The temperature of equal masses of three different liquids $A$, $B$, $C$ are ${12}^{\circ }C$, ${19}^{\circ }C$ and ${28}^{\circ }C$ respectively. The temperature when $A$ and $B$ are mixed is ${16}^{\circ }C$ while when $B$ and $C$ are mixed, it is ${23}^{\circ }C$. What would be the temperature when $A$ and $C$ are mixed?

• A. ${30.26}^{\circ }C$
• B. ${40.26}^{\circ }C$
• C. ${20.26}^{\circ }C$
• D. ${10.26}^{\circ }C$

Answer 1

The correct option is C

${20.26}^{\circ }C$

Let $m$ = mass of each liquid, when $A$ and $B$ are mixed,

Heat lost by $B$ = Heat gained by $A$

$\Rightarrow$ $m{s}_B$ (19 - 16) = $m{s}_A$ (16 - 12) $\Rightarrow$ $3s_B$ = $4S_A$ . . . .(1)

When $B$ and $C$ are mixed, Heat lost by $C$ = Heat gained by $B$

$\Rightarrow$ $m{s}_C$ (28 - 23) = $m{s}_B$ (23 - 19) $\Rightarrow$ $5s_C$ = $4S_B$ . . . .(2)

From (1) and (2), we get $16s_A$ = $12s_B$ = $15s_C$. . . .(3)
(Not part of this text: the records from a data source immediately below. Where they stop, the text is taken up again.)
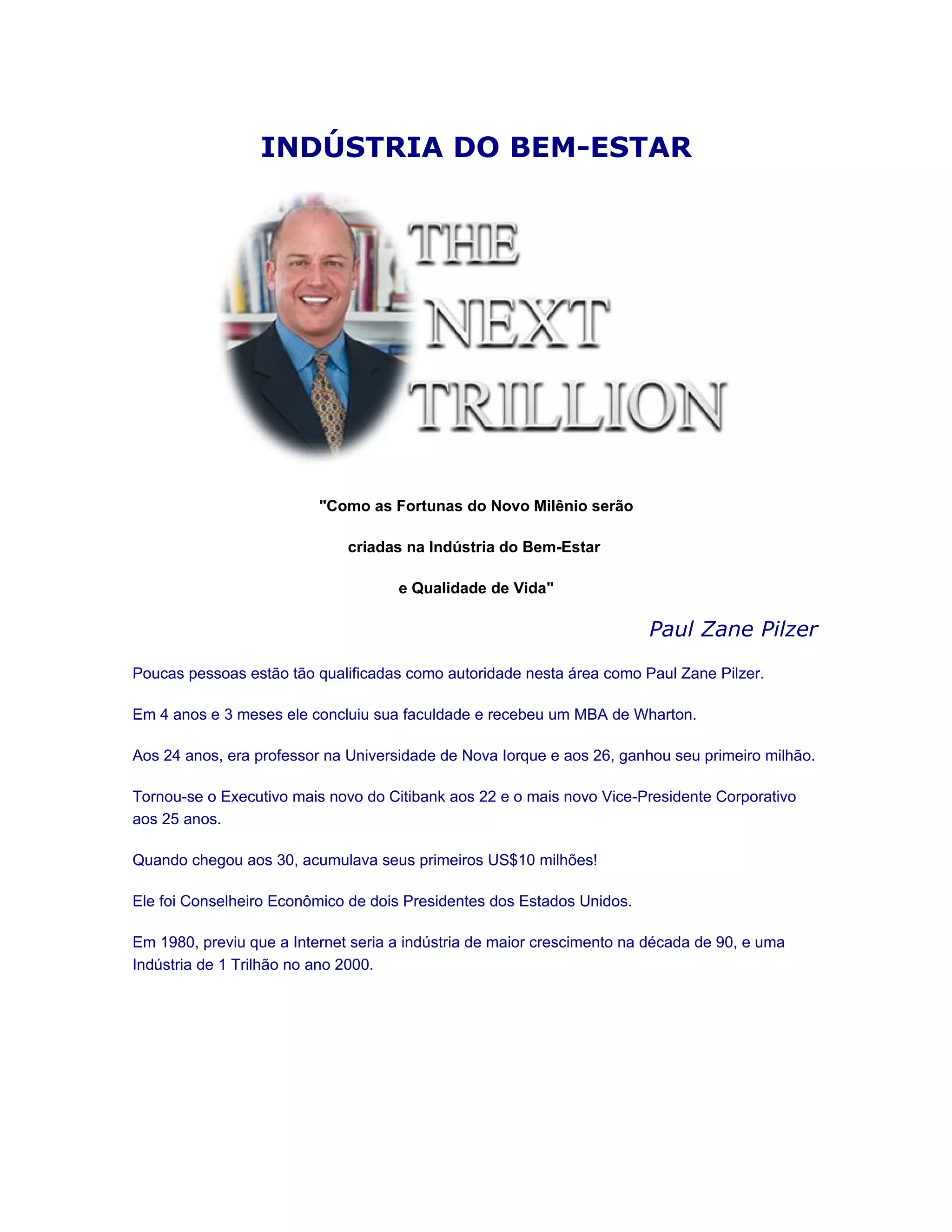 Este documento discute a ascensão da indústria do bem-estar e qualidade de vida como a próxima grande tendência econômica. O autor Paul Zane Pilzer argumenta que esta indústria atingirá US$ 1 trilhão em vendas anuais nos EUA até 2010, impulsionada pelo envelhecimento da população e preocupação crescente com a saúde. Ele também sugere que as empresas de venda direta são o melhor modelo de negócios para aproveitar esta oportunidade em expansão.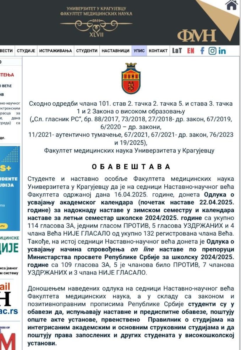 Na sednici Nastavno-naučnog veća doneta je zvanična odluka - nastava za zimski i letnji semestar zvanično počinje 22. aprila 2025. godine!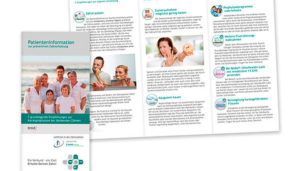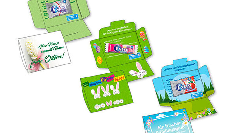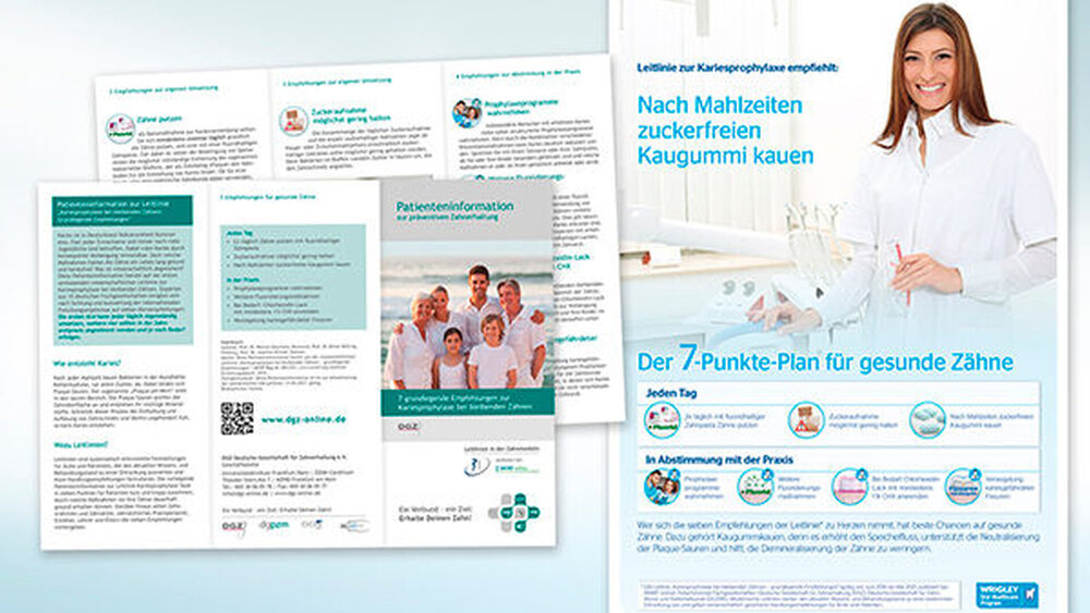 Zahnarzt- und Arztpraxen können ihren großen und kleinen Patienten zur Osterzeit nach der Behandlung eine kleines Lächeln ins Gesicht zaubern und gleichzeitig Lust auf Prophylaxe machen – mit Extra-Kaugummi im passend zum Osterfest und Frühlingsstart gestalteten Envelope (s. Abbildung 1). Mit den drei Leitlinien-Tipps zur täglichen Kariesprophylaxe auf der Innenseite – Zähne putzen, wenig Zucker, Kaugummi kauen – erinnern die Envelopes daran, beim Genuss auch an die Zähne zu denken. Zusätzlich dazu kann das Praxisteam den Patientinnen und Patienten mithilfe des Leitlinien-Patientenflyers alle 7 Empfehlungen der Leitlinie aufzeigen und die Broschüre anschließend mitgeben (s. Abbildung 2). So bleibt die Praxis in guter Erinnerung, Patienten kommen gerne wieder und empfehlen sie weiter.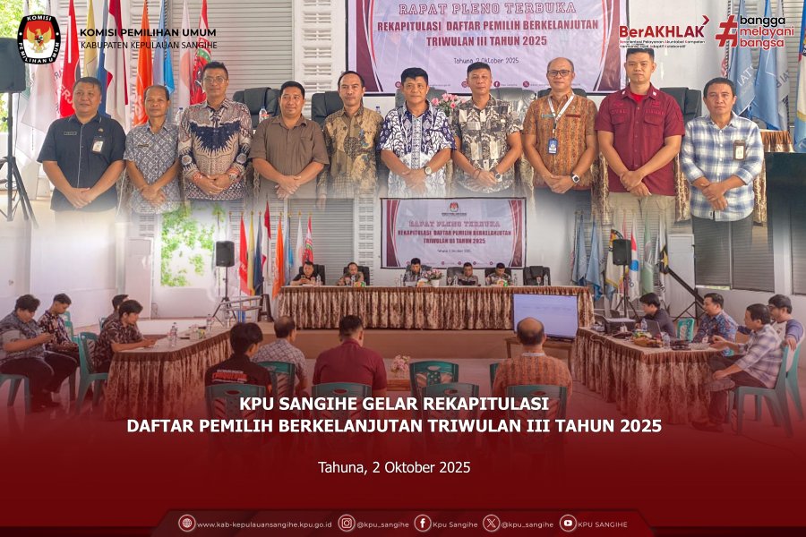 Melalui rekapitulasi ini, KPU Sangihe menegaskan komitmennya untuk terus melakukan pemutakhiran data pemilih secara berkelanjutan. Hal ini merupakan bagian dari ikhtiar menjaga integritas penyelenggaraan pemilu serta menjamin hak pilih masyarakat Kabupaten Kepulauan Sangihe.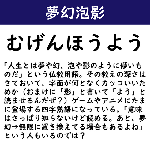 「人生とは夢や幻、泡や影のように儚いものだ」という仏教用語。その教えの深さはさておいて、字面が何となくカッコいいためか(おまけに「影」と書いて「よう」と読ませるんだぜ?)ゲームやアニメにたまに登場する四字熟語になっている。「意味はさっぱり知らないけど読める。あと、夢幻→無限に置き換えてる場合もあるよね」という人もいるのでは?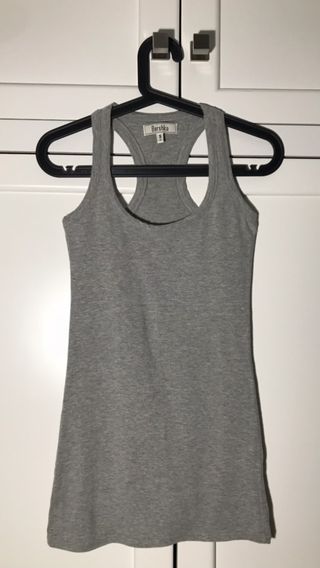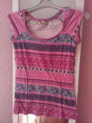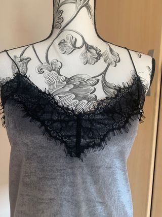 Top sin mangas con forro que no transparenta más que donde se puede, pero no el sujetador.Es una talla M que talla pequeño.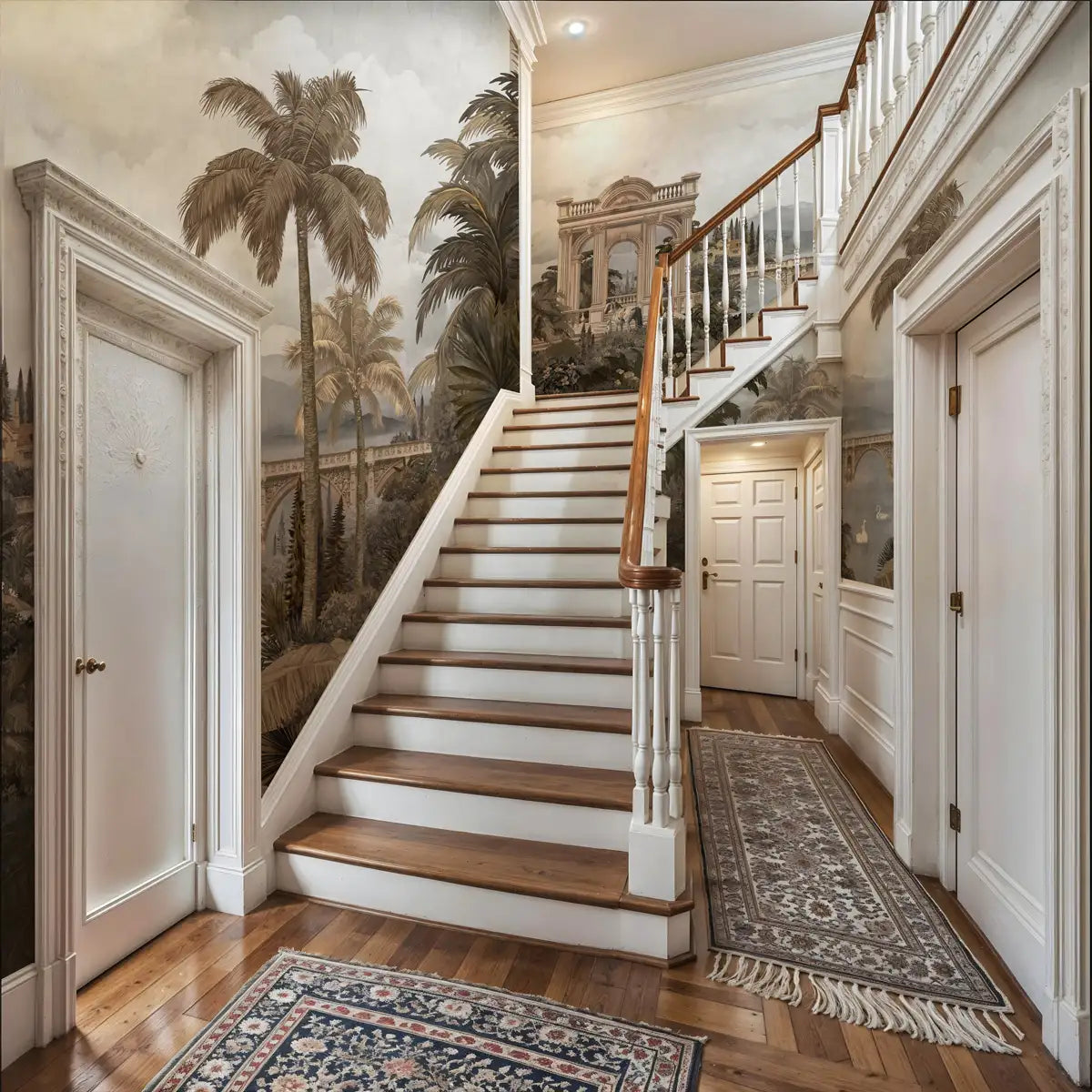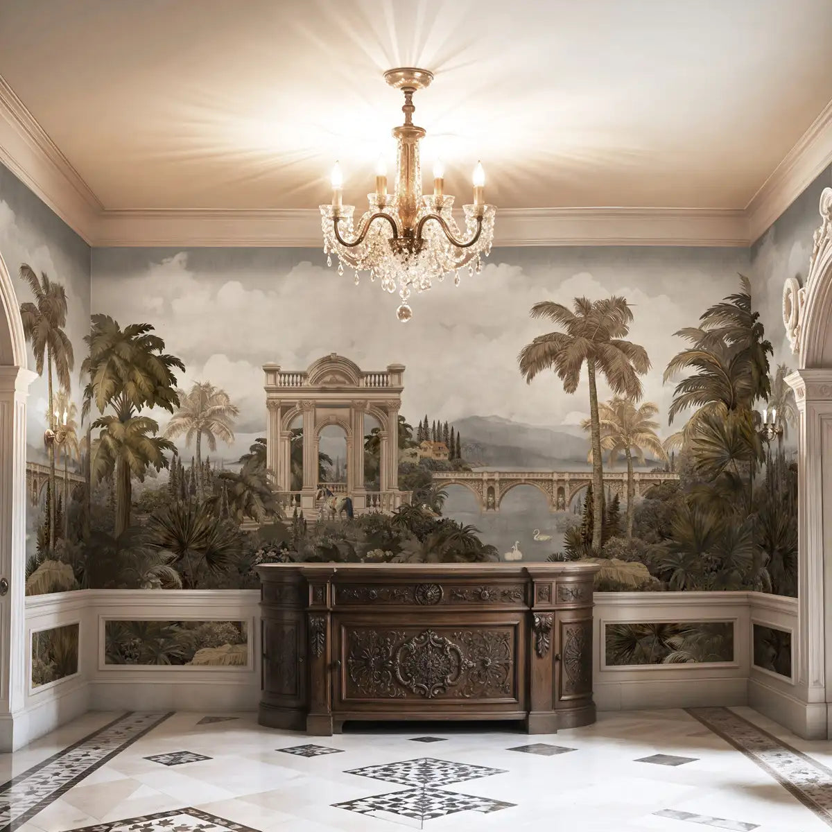 Introducing "Majestic Foliage Epoch Wallpaper" A breathtaking panorama reminiscent of a European landscape painting. Majestic trees, Crafted in a variety of captivating blues, frame the scene, their intricate details and lush foliage creating a sense of awe-inspiring beauty. Green & Sepia.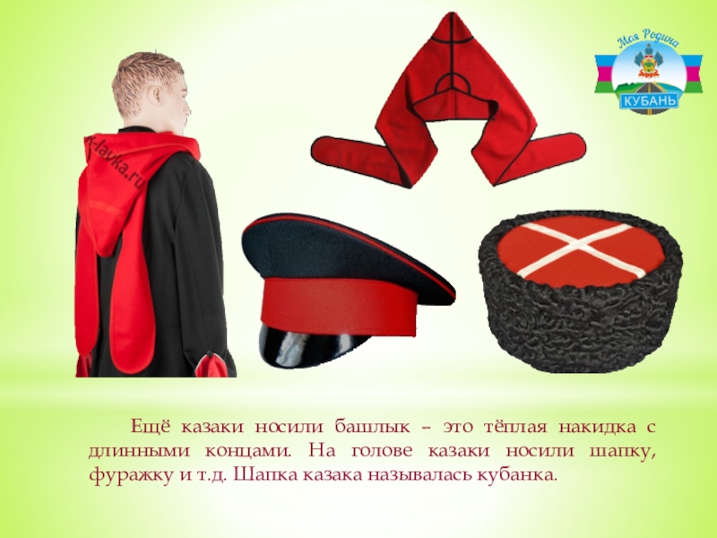Слайд 17Ещё казаки носили башлык – это тёплая накидка с длинными концами.

When $A$ and $C$ are mixed, Let $\theta$ = final temperature

Heat lost by $C$ = heat gained by $A$

$\Rightarrow$ $m{s}_C$ $(28-\theta )$ = $m{s}_B$ $(\theta -12)$

Using (3), we get

$\Rightarrow$ $15s_C(28-\theta )$ = $15s_A(\theta -12)$ $\Rightarrow$ $16s_A(28-\theta )$ = $15s_A(\theta -12)$

On solving for $\theta$, we get $\theta$ = $\frac{16\times 28+12\times 15}{16+15}$ $\Rightarrow$ $\theta$ = ${20.26}^{\circ }C$